Dealing with a work pension can be the first big investment decision for young people

In the fall of 2021, Krista Lehman, 39, quit her job as a program assistant at a Vancouver post-secondary institution to take a break from mental health and pursue other career options.

In regards to your defined benefit pension plan, your employer’s human resources department provided you with a package that offered you the option of taking the commuted value of your pension, a lump sum based on an estimate of what it’s worth. now the future pension. or keep the money in his pension plan until 2047, when he would start receiving monthly payments.

“I was surprised by how much money he had,” Lehman said. “I have never had this amount of money in my bank account before.”

For millennials who haven’t yet had a chance to invest outside of mandatory employee pension contributions, figuring out what to do with a pension plan after leaving a job can be daunting.

In the case of Lehman, he felt that having autonomy over how to invest his money was more attractive than leaving it to his former employer.

“I wanted to be a more active participant in my savings and retirement planning than I had been in the past, so I felt like this was an opportunity to do that,” she said.

“I also wanted to make ethical decisions about where my money is.”

Lehman took the full value commuted, putting nearly 50 percent in a locked retirement account (LIRA), about 33 percent in a registered retirement savings account, and withdrew the other 17 percent to handle ongoing expenses. , like a new computer.

Each employee will have their own set of options when they leave a job, and those options will differ even more depending on whether they have a defined benefit pension plan or a defined contribution plan, said Liz Schieck, a certified financial planner at the New School of Finance. in Toronto.

Deciding what exactly to do with a pension can be overwhelming, Schieck added, so he advises clients to take some time to think it through and seek the advice of an unbiased financial planner if possible.

When it comes to defined benefit pension plans, Schieck sees clients often deciding between leaving the pension with their employer, transferring it to their new employer’s pension plan, or taking the pension and investing it elsewhere.

In this situation, it all comes down to trust and comfort levels. “Some people may feel more reluctant to invest it in the market, while others may feel less confident about a pension,” Schieck said.

In the latter case, those in their 20s and 30s may not feel confident that a business will continue to exist when and during their retirement.

For those who decide to take the pension with them, putting that money in a LIRA and the remaining money in an RRSP if you have room available, means it won’t count as taxable income. However, if you don’t put the remaining funds, outside of a LIRA, into an RRSP, you’ll receive a check and that money will be taxable, Schieck said.

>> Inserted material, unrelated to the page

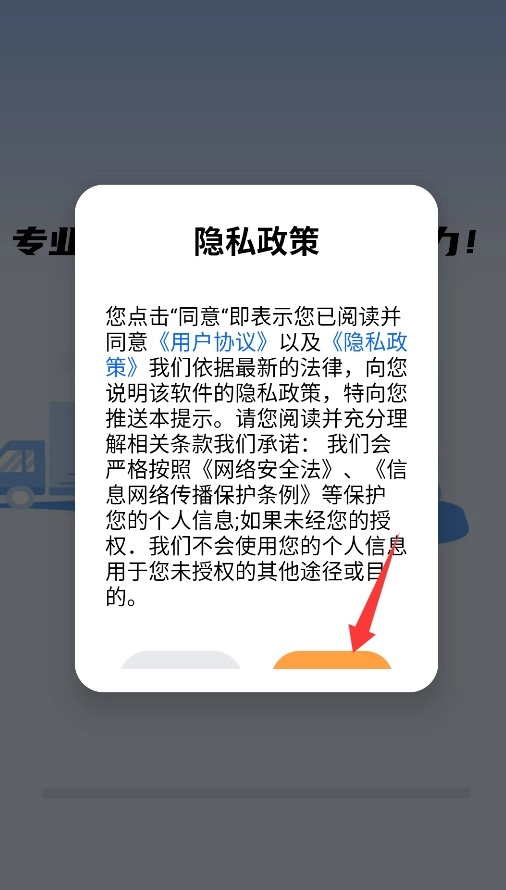 当应用启动时会弹出隐私政策窗口,用户需要点击同意按钮,之后才能成功进入登录界面。

If someone is burdened by student debt, that money can make a big difference in helping pay it off.

But the decision to put it on an RRSP or take the tax hit isn’t the same for everyone, Schieck said.

“It depends on what tax rate you are going to pay, what tax bracket you are in, what debt you have, what the interest rate is and what other saving capacity you will have in the future. That’s why it’s great to get advice.”

When it comes to a defined contribution plan, the decision can sometimes be simpler because there are fewer options. The defined contribution plan already acts as an investment account, Schieck said. There is a set amount of money you can keep in the plan or invest in a locked account elsewhere. There is also the option of purchasing an annuity, but it is a much less popular route.

When you leave a job with a defined contribution plan, the decision to take your pension depends on what products you want to invest in and where, Shieck said.

For example, those who take the pension may feel more comfortable keeping their investments in their own bank, or want to be more selective with their investments, like Lehman, who wanted to make sure their investments were ethical.